Given information:
☆ ☆ ☆ ☆ ☆ ☆ ☆
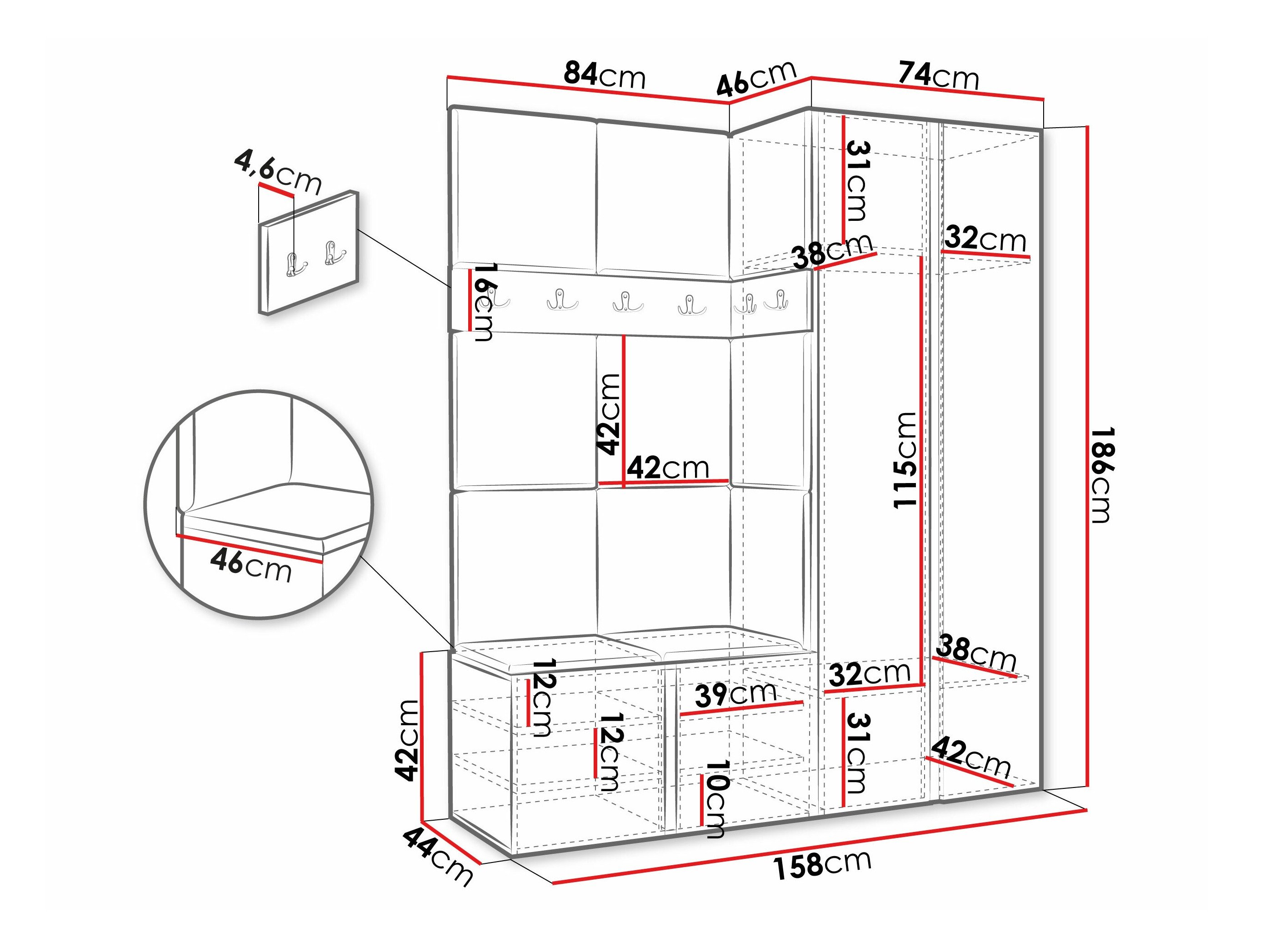 Dimensions du meuble à chaussures:
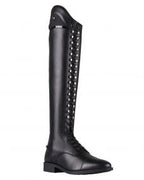 Rijlaars Hailey is een echte eyecatcher in de ring. De bovenkant van de laars is gedecoreerd met lakleer en glitter. De decoratieve vetersluiting zorgt voor een opvallende look, maar met de ritssluiting trek je hem gemakkelijk aan. De elastische veter, elastiekinzet en comfortabele binnenzool zorgen voor hoog draagcomfort.
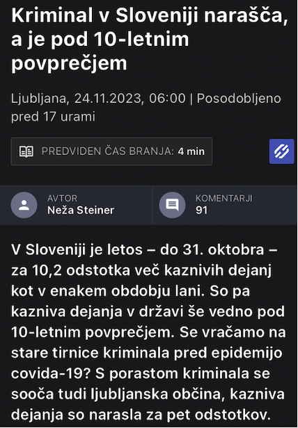 “35,613 people immigrated to Slovenia and 20,956 emigrated from it. 3,708 Slovenian citizens immigrated to Slovenia or 6% fewer than a year ago. 6,430 citizens of Slovenia emigrated from the country, or about 10% more than a year ago.” - SURS 2022
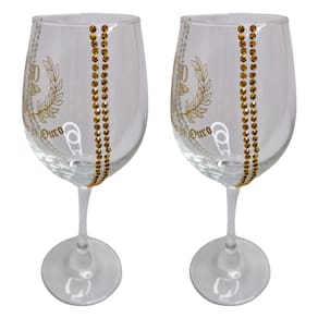 Adquira esta Taça maravilhosa e ganhe um lindo presente. Kit 2 Taças Vidro Bodas de Ouro 50 Anos Luxo Personalizada Vinho 490ml - Nadir Figueiredo - Barone
☆ ☆ ☆ ☆ ☆ ☆ ☆
Task: Find the line containing "- SURS 2022", then extract it and every line after it to the end of the data above, exactly and nothing else, without pictures.

Response below:
 “35,613 people immigrated to Slovenia and 20,956 emigrated from it. 3,708 Slovenian citizens immigrated to Slovenia or 6% fewer than a year ago. 6,430 citizens of Slovenia emigrated from the country, or about 10% more than a year ago.” - SURS 2022
 Adquira esta Taça maravilhosa e ganhe um lindo presente. Kit 2 Taças Vidro Bodas de Ouro 50 Anos Luxo Personalizada Vinho 490ml - Nadir Figueiredo - Barone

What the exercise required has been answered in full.